BEGIN
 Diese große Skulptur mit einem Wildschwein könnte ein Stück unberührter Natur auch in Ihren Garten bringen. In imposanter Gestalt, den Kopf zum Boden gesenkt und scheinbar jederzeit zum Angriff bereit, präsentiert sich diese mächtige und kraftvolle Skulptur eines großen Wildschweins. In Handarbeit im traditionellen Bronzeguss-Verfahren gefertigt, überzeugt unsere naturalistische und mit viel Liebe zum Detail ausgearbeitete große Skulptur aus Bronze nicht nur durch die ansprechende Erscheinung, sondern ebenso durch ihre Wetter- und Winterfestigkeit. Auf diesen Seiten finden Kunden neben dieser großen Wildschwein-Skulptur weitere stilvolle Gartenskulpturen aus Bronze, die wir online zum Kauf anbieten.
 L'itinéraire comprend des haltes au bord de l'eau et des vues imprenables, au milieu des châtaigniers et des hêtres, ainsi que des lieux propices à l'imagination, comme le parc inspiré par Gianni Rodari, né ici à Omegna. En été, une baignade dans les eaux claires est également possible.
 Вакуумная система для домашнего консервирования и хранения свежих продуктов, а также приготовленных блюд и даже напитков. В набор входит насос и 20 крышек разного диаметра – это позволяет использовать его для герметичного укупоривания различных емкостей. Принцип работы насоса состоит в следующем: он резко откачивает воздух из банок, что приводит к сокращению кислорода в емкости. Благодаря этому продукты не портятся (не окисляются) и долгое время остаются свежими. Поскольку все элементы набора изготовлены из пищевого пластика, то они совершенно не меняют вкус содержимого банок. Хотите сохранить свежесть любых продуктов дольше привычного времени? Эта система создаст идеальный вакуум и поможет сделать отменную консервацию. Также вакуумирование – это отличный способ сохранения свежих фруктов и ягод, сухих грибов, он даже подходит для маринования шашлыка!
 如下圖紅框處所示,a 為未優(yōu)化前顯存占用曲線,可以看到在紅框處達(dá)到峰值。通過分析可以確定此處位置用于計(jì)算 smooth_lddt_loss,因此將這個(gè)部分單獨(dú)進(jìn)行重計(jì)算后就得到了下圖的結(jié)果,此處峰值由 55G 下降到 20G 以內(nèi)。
END
BEGIN
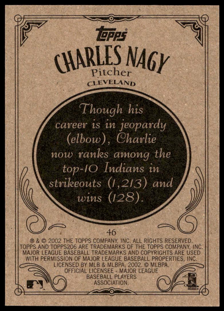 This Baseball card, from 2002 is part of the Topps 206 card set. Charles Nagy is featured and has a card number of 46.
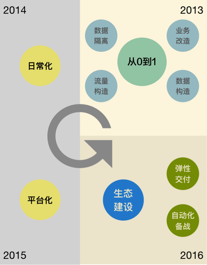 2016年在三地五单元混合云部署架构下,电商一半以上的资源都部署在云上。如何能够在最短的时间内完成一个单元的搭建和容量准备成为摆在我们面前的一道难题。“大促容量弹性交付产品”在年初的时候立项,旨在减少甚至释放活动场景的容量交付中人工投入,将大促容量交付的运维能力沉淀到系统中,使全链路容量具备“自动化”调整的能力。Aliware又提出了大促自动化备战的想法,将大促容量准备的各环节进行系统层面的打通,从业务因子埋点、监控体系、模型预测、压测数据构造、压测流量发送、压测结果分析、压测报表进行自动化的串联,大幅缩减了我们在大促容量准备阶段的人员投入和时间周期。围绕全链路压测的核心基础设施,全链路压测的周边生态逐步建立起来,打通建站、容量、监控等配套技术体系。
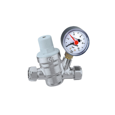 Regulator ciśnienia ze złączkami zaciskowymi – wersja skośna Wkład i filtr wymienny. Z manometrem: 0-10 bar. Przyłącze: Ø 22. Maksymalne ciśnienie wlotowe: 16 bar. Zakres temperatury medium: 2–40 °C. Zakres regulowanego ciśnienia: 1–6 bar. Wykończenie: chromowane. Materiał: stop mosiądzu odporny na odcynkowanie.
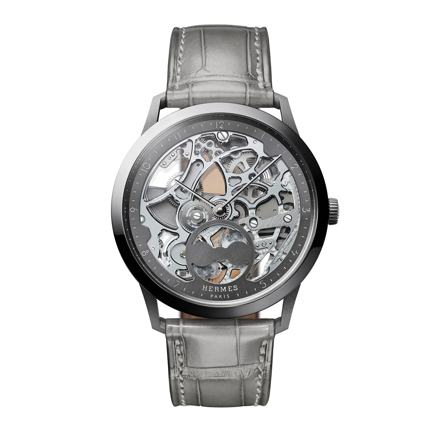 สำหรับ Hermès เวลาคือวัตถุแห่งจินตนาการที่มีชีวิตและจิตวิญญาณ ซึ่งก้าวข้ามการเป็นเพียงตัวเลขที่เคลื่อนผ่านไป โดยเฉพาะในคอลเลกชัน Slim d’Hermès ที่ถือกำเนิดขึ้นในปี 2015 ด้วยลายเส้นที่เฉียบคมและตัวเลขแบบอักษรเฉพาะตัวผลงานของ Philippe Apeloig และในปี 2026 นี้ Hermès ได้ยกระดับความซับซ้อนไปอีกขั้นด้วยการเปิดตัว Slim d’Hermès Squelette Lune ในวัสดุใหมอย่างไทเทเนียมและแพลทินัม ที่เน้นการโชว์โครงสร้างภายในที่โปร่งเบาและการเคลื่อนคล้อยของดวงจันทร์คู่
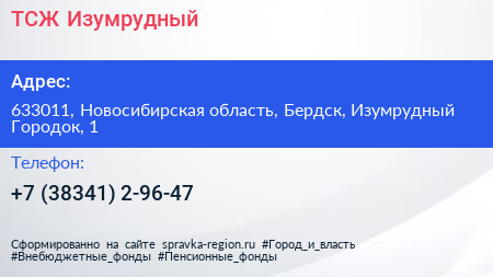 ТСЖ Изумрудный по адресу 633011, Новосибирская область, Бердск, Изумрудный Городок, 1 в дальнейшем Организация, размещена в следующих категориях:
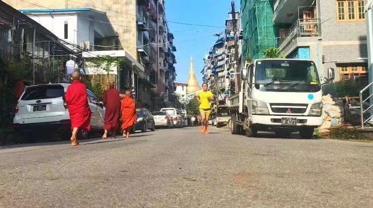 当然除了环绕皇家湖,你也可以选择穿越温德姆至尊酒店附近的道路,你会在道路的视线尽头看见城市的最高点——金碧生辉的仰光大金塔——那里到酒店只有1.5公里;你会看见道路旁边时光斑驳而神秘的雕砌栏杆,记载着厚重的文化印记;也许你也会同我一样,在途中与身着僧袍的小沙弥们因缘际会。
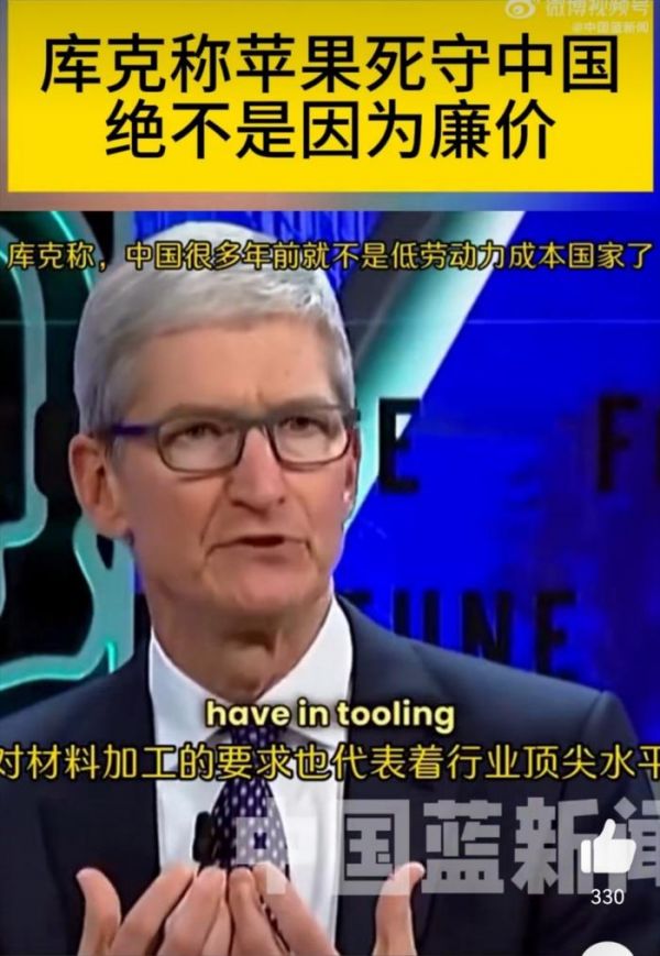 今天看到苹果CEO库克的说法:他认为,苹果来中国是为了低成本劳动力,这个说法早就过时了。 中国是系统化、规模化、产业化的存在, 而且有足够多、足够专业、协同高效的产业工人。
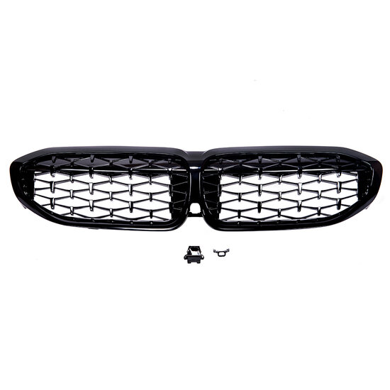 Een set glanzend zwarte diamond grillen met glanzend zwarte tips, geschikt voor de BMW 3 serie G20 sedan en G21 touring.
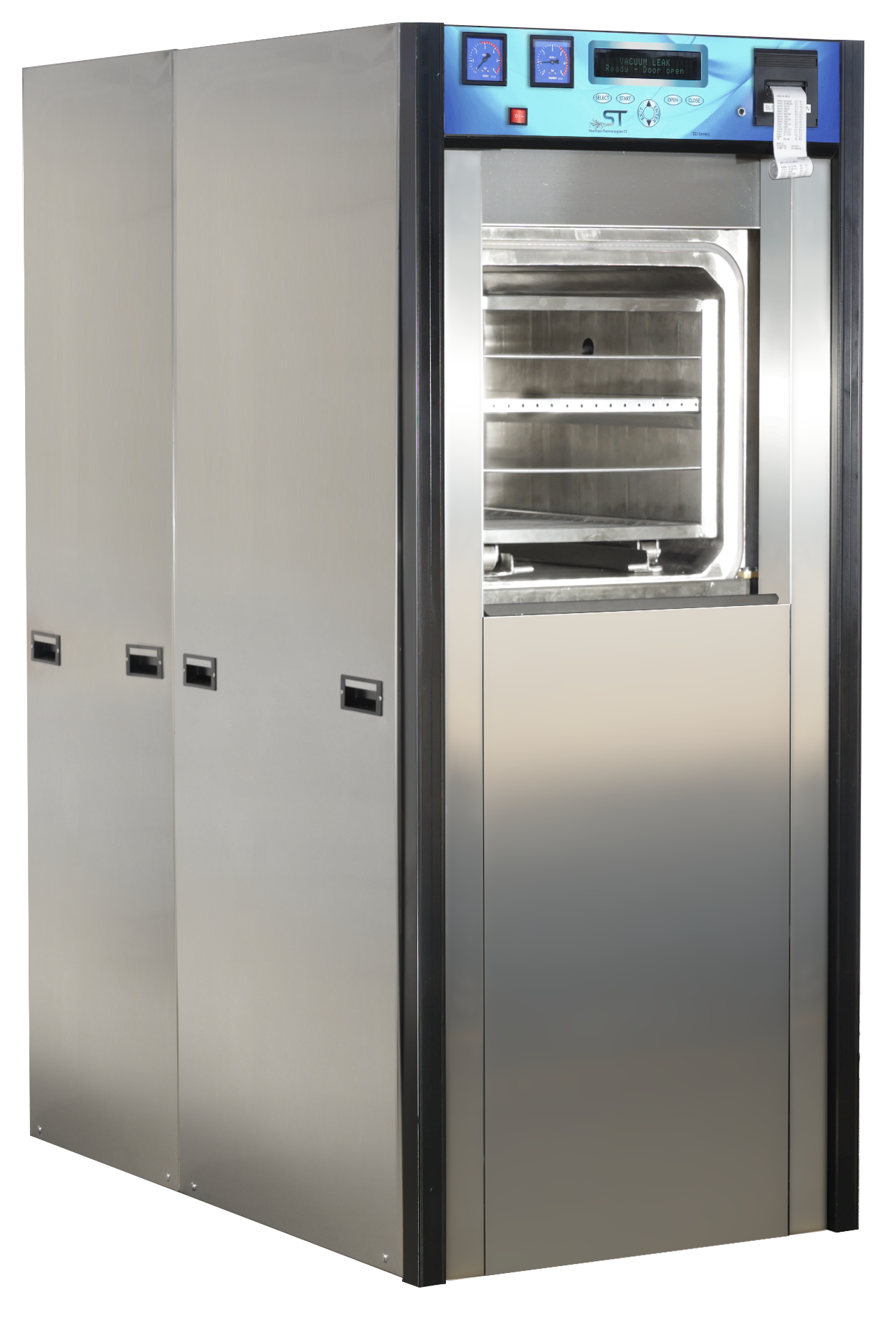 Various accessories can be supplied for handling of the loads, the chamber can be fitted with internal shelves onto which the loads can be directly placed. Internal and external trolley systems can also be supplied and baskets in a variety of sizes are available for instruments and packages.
END
### Problem description
Above are some entries. Restate word for word the lines from the one holding "This Baseball card, from" through the one holding "Regulator ciśnienia ze", but not the pictures.

### Reply to the exercise
 This Baseball card, from 2002 is part of the Topps 206 card set. Charles Nagy is featured and has a card number of 46.
 2016年在三地五单元混合云部署架构下,电商一半以上的资源都部署在云上。如何能够在最短的时间内完成一个单元的搭建和容量准备成为摆在我们面前的一道难题。“大促容量弹性交付产品”在年初的时候立项,旨在减少甚至释放活动场景的容量交付中人工投入,将大促容量交付的运维能力沉淀到系统中,使全链路容量具备“自动化”调整的能力。Aliware又提出了大促自动化备战的想法,将大促容量准备的各环节进行系统层面的打通,从业务因子埋点、监控体系、模型预测、压测数据构造、压测流量发送、压测结果分析、压测报表进行自动化的串联,大幅缩减了我们在大促容量准备阶段的人员投入和时间周期。围绕全链路压测的核心基础设施,全链路压测的周边生态逐步建立起来,打通建站、容量、监控等配套技术体系。
 Regulator ciśnienia ze złączkami zaciskowymi – wersja skośna Wkład i filtr wymienny. Z manometrem: 0-10 bar. Przyłącze: Ø 22. Maksymalne ciśnienie wlotowe: 16 bar. Zakres temperatury medium: 2–40 °C. Zakres regulowanego ciśnienia: 1–6 bar. Wykończenie: chromowane. Materiał: stop mosiądzu odporny na odcynkowanie.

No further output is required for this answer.